» Records supplied:
+-------+
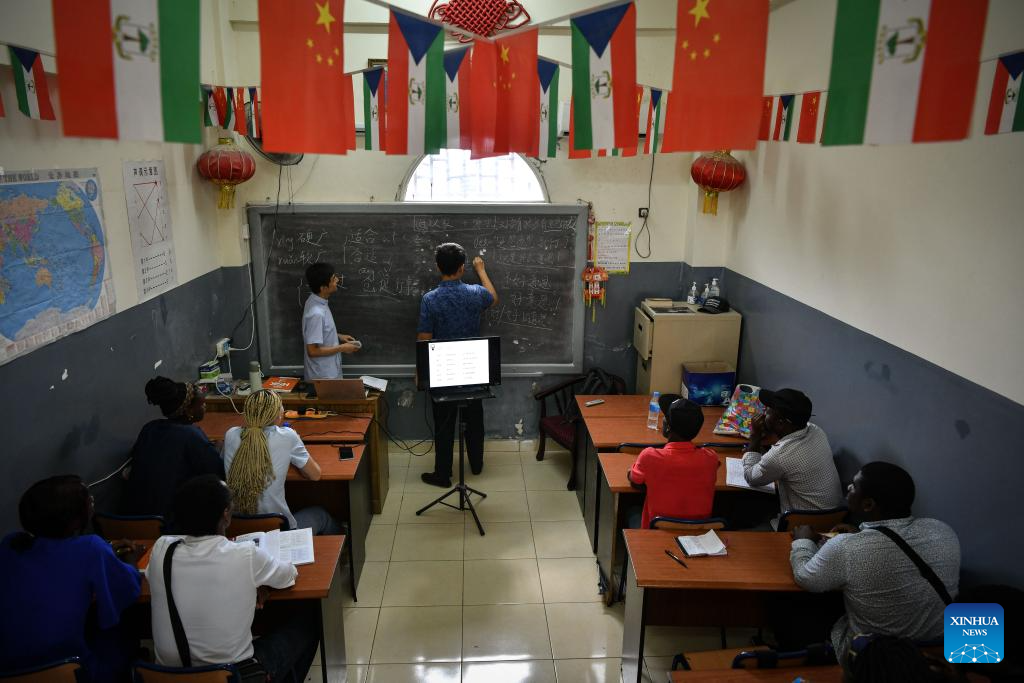 MALABO, 30 mayo, 2024 (Xinhua) -- Imagen del 17 de mayo de 2024 de alumnos tomando una clase de chino en el Instituto Confucio de la Universidad Nacional de Guinea Ecuatorial, en Malabo, Guinea Ecuatorial. China y Guinea Ecuatorial son buenos amigos y socios, afirmó el martes el presidente chino, Xi Jinping, durante sus conversaciones con Teodoro Obiang Nguema Mbasogo, presidente de la República de Guinea Ecuatorial, en Beijing. (Xinhua/Han Xu)
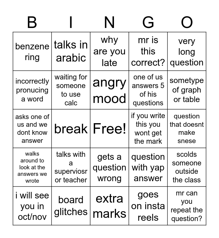 This bingo card has a free space and 24 words: talks with a superviosr or teacher, board glitches, angry mood, i will see you in oct/nov, very long question, benzene ring, incorrectly pronucing a word, talks in arabic, if you write this you wont get the mark, gets a question wrong, one of us answers 5 of his questions, asks one of us and we dont know answer, question with yap answer, scolds someone outside the class, waiting for someone to use calc, goes on insta reels, question that doesnt make snese, why are you late, sometype of graph or table, break, mr can you repeat the question?, walks around to look at the answers we wrote, mr is this correct? and extra marks.
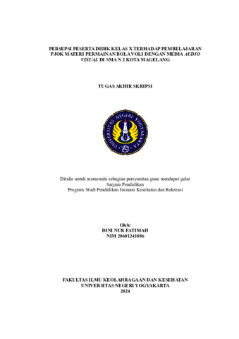 Fatimah, Dini Nur (2024) Persepsi Peserta Didik Kelas X Terhadap Pembelajaran PJOK Materi Permainan Bola Voli Dengan Media Audio Visual di SMA N 2 Kota Magelang. S1 thesis, Fakultas Ilmu Keolahragaan dan Kesehatan.
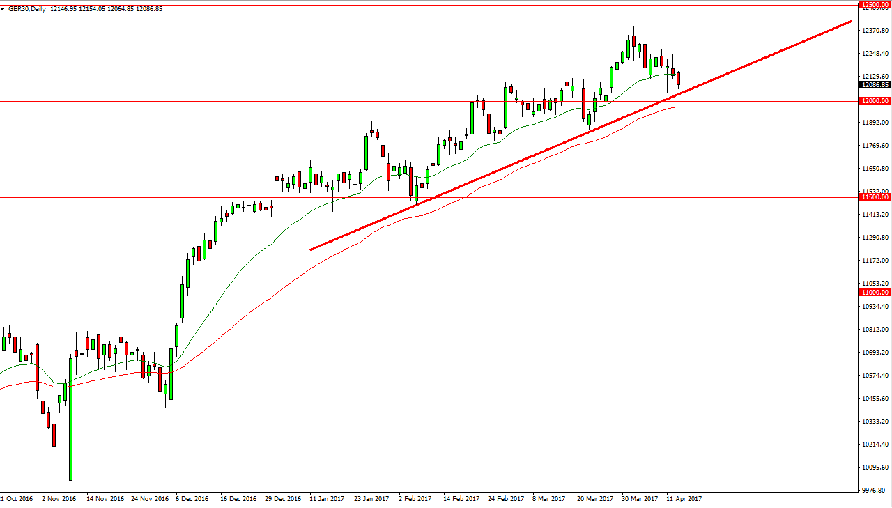 The German index fell slightly during the day on Thursday, but was still closed on Monday. That being said, we are testing a significant trend line and a
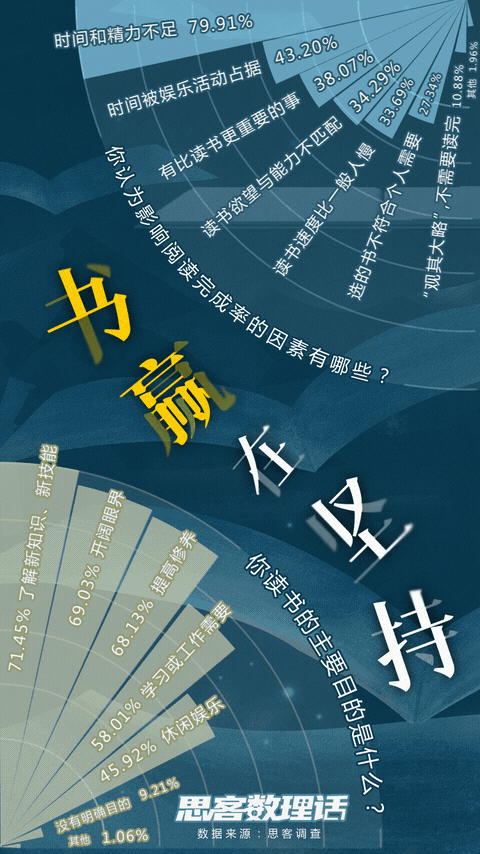 想读书,但多数受访者表示心有余而力不足。79.91%的受访者认为,读书的时间和精力不足,影响阅读完成率。有受访者说,“下班回家还要做饭看孩子,没时间念书”“阅读要动脑子,但有时候累了脑子就不转了”。
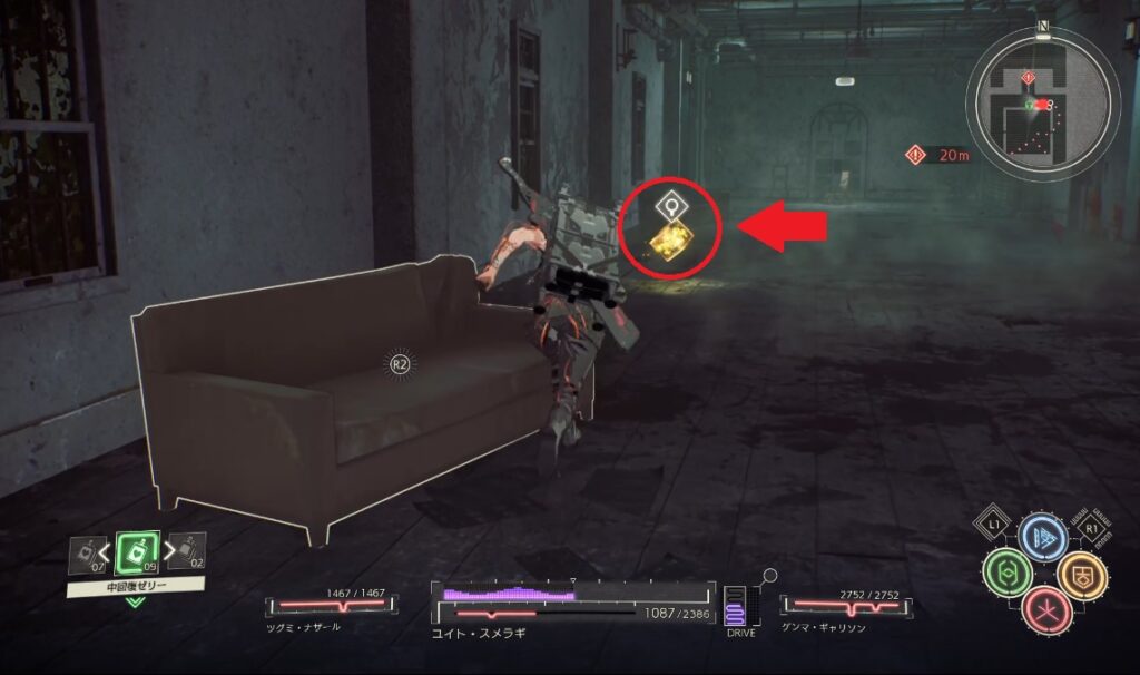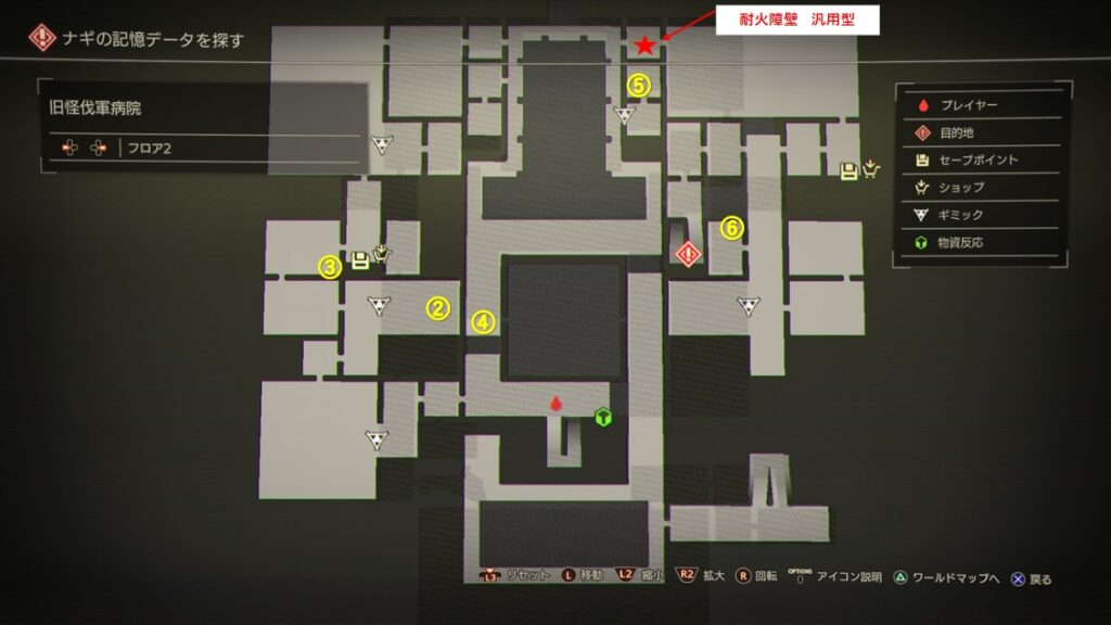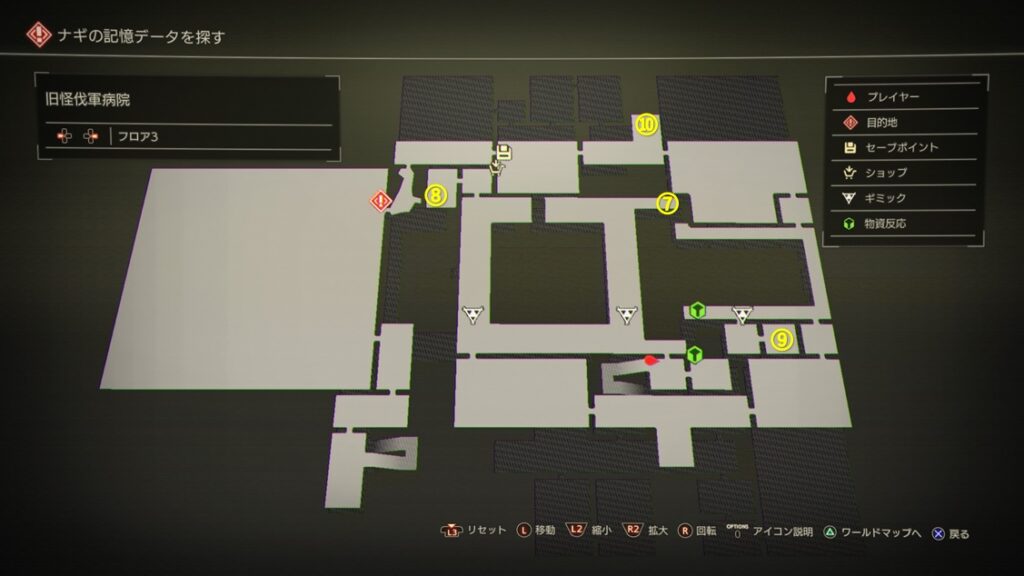 この後は、ワールドマップからすぐに旧怪伐軍病院へ行くこともできますが、「スオウ京 大通り」のマップが探索できます。物資反応(緑のアイコン)が更新されているので、旧怪伐軍病院へ行く前に回収しておくのがオススメです。
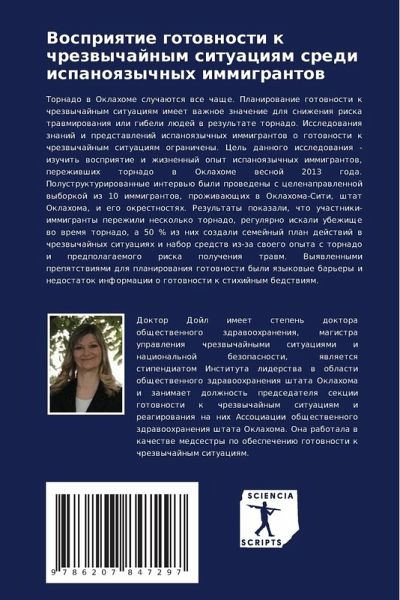 Tornado w Oklahome sluchaütsq wse chasche. Planirowanie gotownosti k chrezwychajnym situaciqm imeet wazhnoe znachenie dlq snizheniq riska trawmirowaniq ili gibeli lüdej w rezul'tate tornado. Issledowaniq znanij i predstawlenij ispanoqzychnyh immigrantow o gotownosti k chrezwychajnym situaciqm ogranicheny. Cel' dannogo issledowaniq - izuchit' wospriqtie i zhiznennyj opyt ispanoqzychnyh immigrantow, perezhiwshih tornado w Oklahome wesnoj 2013 goda. Polustrukturirowannye interw'ü byli prowedeny s celenaprawlennoj wyborkoj iz 10 immigrantow, prozhiwaüschih w Oklahoma-Siti, shtat Oklahoma, i ego okrestnostqh. Rezul'taty pokazali, chto uchastniki-immigranty perezhili neskol'ko tornado, regulqrno iskali ubezhische wo wremq tornado, a 50 % iz nih sozdali semejnyj plan dejstwij w chrezwychajnyh situaciqh i nabor sredstw iz-za swoego opyta s tornado i predpolagaemogo riska polucheniq trawm. Vyqwlennymi prepqtstwiqmi dlq planirowaniq gotownosti byli qzykowye bar'ery i nedostatok informacii o gotownosti k stihijnym bedstwiqm.
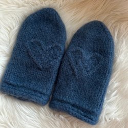 Blå håndstrikkede og tovede vanter/luffer m hjerte/håndstrikket uldvante
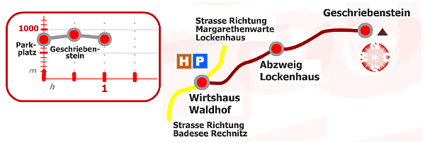 Anreise: von Norden über A2, Krumbach, Kirchschlag und Lockenhaus Richtung Naturpark Geschriebenstein bis Parkplatz; von Süden über A2, Oberwart und Rechnitz
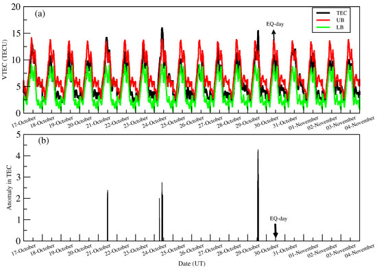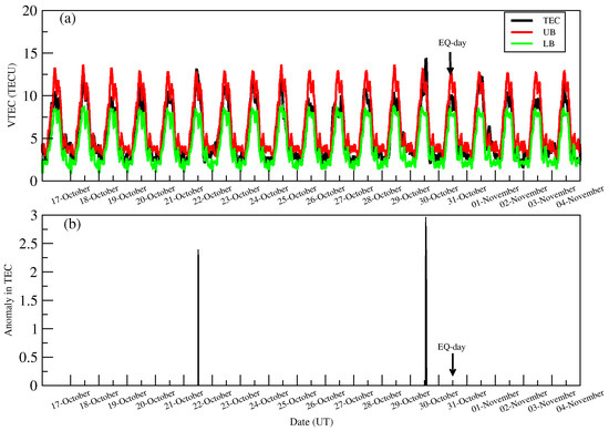 Figure 3. (a) The diurnal variation of TEC (black line) from 17 October to 4 November, the 2020 Samos EQ along with the upper (red line) and lower (green) bound (upper panel). (b) The lower panel shows the fluctuations in TEC. The day of the EQ is marked with an arrow.
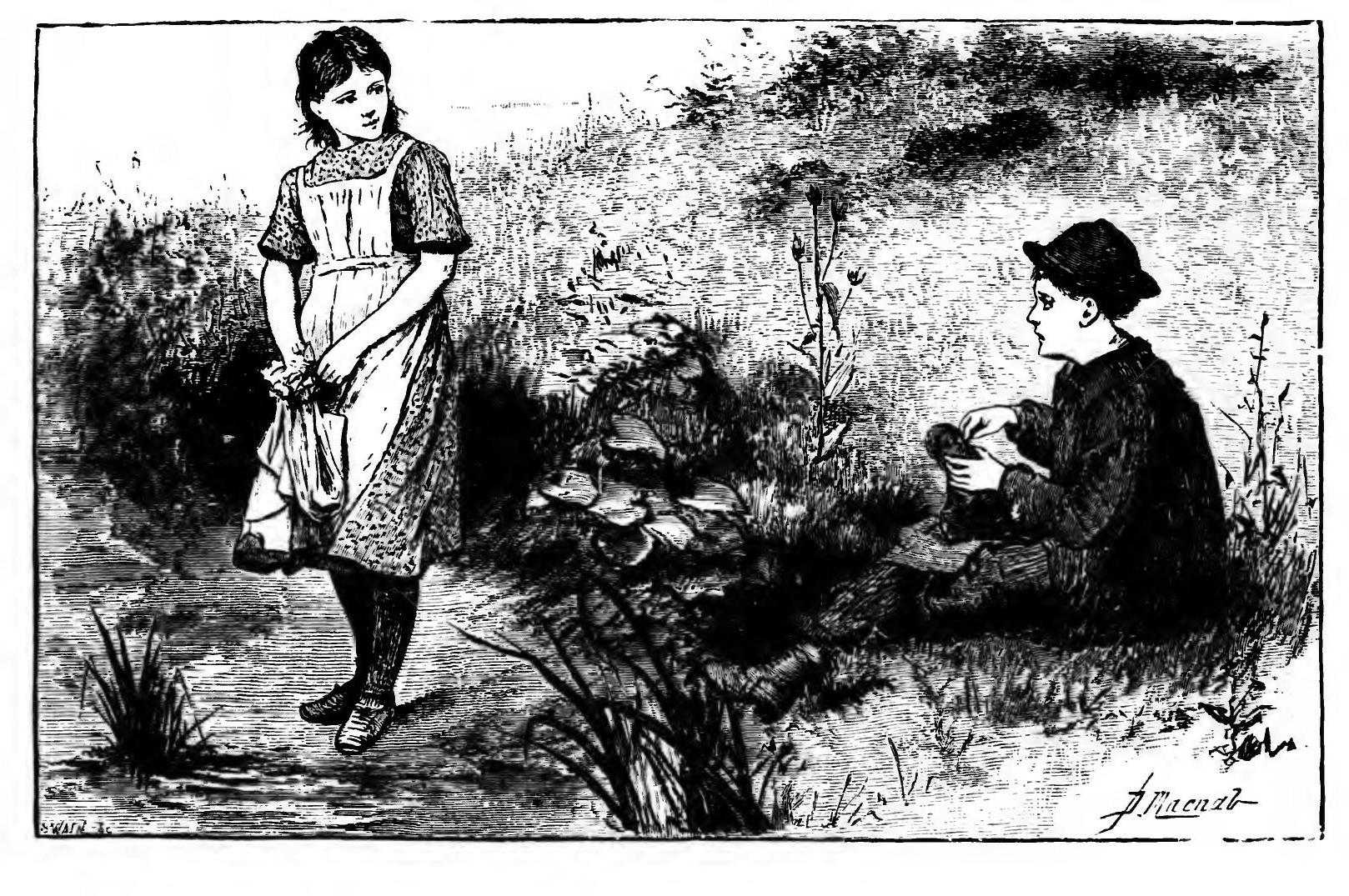 They had gathered flowers till they were tired of them in the broad spongy meadow; they had played hide-and-seek among the eighteenth-century tombstones in the big old churchyard; they had quarrelled and made it up again half a dozen times over in pure pettishness: and now, by way of a distraction, Minna said at last coaxingly: 'Do 'ee, Colin, do 'ee come down to the lake yonder and make I a bit of a vigger-'ead.'
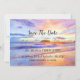 Having a beach wedding? This beautiful, watercolor, beach sunrise will be a marvellous Save The Date announcement. With it's tropical blue, yellow and pink colours in the sky and reflected in the ocean waves and a small island out in the distance. The back is violet purple with pink to magenta dots.
+-------+
» To do: Output the full material above exactly, leaving every picture out.

» Response to the task:
 MALABO, 30 mayo, 2024 (Xinhua) -- Imagen del 17 de mayo de 2024 de alumnos tomando una clase de chino en el Instituto Confucio de la Universidad Nacional de Guinea Ecuatorial, en Malabo, Guinea Ecuatorial. China y Guinea Ecuatorial son buenos amigos y socios, afirmó el martes el presidente chino, Xi Jinping, durante sus conversaciones con Teodoro Obiang Nguema Mbasogo, presidente de la República de Guinea Ecuatorial, en Beijing. (Xinhua/Han Xu)
 This bingo card has a free space and 24 words: talks with a superviosr or teacher, board glitches, angry mood, i will see you in oct/nov, very long question, benzene ring, incorrectly pronucing a word, talks in arabic, if you write this you wont get the mark, gets a question wrong, one of us answers 5 of his questions, asks one of us and we dont know answer, question with yap answer, scolds someone outside the class, waiting for someone to use calc, goes on insta reels, question that doesnt make snese, why are you late, sometype of graph or table, break, mr can you repeat the question?, walks around to look at the answers we wrote, mr is this correct? and extra marks.
 Fatimah, Dini Nur (2024) Persepsi Peserta Didik Kelas X Terhadap Pembelajaran PJOK Materi Permainan Bola Voli Dengan Media Audio Visual di SMA N 2 Kota Magelang. S1 thesis, Fakultas Ilmu Keolahragaan dan Kesehatan.
 The German index fell slightly during the day on Thursday, but was still closed on Monday. That being said, we are testing a significant trend line and a
 想读书,但多数受访者表示心有余而力不足。79.91%的受访者认为,读书的时间和精力不足,影响阅读完成率。有受访者说,“下班回家还要做饭看孩子,没时间念书”“阅读要动脑子,但有时候累了脑子就不转了”。
 この後は、ワールドマップからすぐに旧怪伐軍病院へ行くこともできますが、「スオウ京 大通り」のマップが探索できます。物資反応(緑のアイコン)が更新されているので、旧怪伐軍病院へ行く前に回収しておくのがオススメです。
 Tornado w Oklahome sluchaütsq wse chasche. Planirowanie gotownosti k chrezwychajnym situaciqm imeet wazhnoe znachenie dlq snizheniq riska trawmirowaniq ili gibeli lüdej w rezul'tate tornado. Issledowaniq znanij i predstawlenij ispanoqzychnyh immigrantow o gotownosti k chrezwychajnym situaciqm ogranicheny. Cel' dannogo issledowaniq - izuchit' wospriqtie i zhiznennyj opyt ispanoqzychnyh immigrantow, perezhiwshih tornado w Oklahome wesnoj 2013 goda. Polustrukturirowannye interw'ü byli prowedeny s celenaprawlennoj wyborkoj iz 10 immigrantow, prozhiwaüschih w Oklahoma-Siti, shtat Oklahoma, i ego okrestnostqh. Rezul'taty pokazali, chto uchastniki-immigranty perezhili neskol'ko tornado, regulqrno iskali ubezhische wo wremq tornado, a 50 % iz nih sozdali semejnyj plan dejstwij w chrezwychajnyh situaciqh i nabor sredstw iz-za swoego opyta s tornado i predpolagaemogo riska polucheniq trawm. Vyqwlennymi prepqtstwiqmi dlq planirowaniq gotownosti byli qzykowye bar'ery i nedostatok informacii o gotownosti k stihijnym bedstwiqm.
 Blå håndstrikkede og tovede vanter/luffer m hjerte/håndstrikket uldvante
 Anreise: von Norden über A2, Krumbach, Kirchschlag und Lockenhaus Richtung Naturpark Geschriebenstein bis Parkplatz; von Süden über A2, Oberwart und Rechnitz
 Figure 3. (a) The diurnal variation of TEC (black line) from 17 October to 4 November, the 2020 Samos EQ along with the upper (red line) and lower (green) bound (upper panel). (b) The lower panel shows the fluctuations in TEC. The day of the EQ is marked with an arrow.
 They had gathered flowers till they were tired of them in the broad spongy meadow; they had played hide-and-seek among the eighteenth-century tombstones in the big old churchyard; they had quarrelled and made it up again half a dozen times over in pure pettishness: and now, by way of a distraction, Minna said at last coaxingly: 'Do 'ee, Colin, do 'ee come down to the lake yonder and make I a bit of a vigger-'ead.'
 Having a beach wedding? This beautiful, watercolor, beach sunrise will be a marvellous Save The Date announcement. With it's tropical blue, yellow and pink colours in the sky and reflected in the ocean waves and a small island out in the distance. The back is violet purple with pink to magenta dots.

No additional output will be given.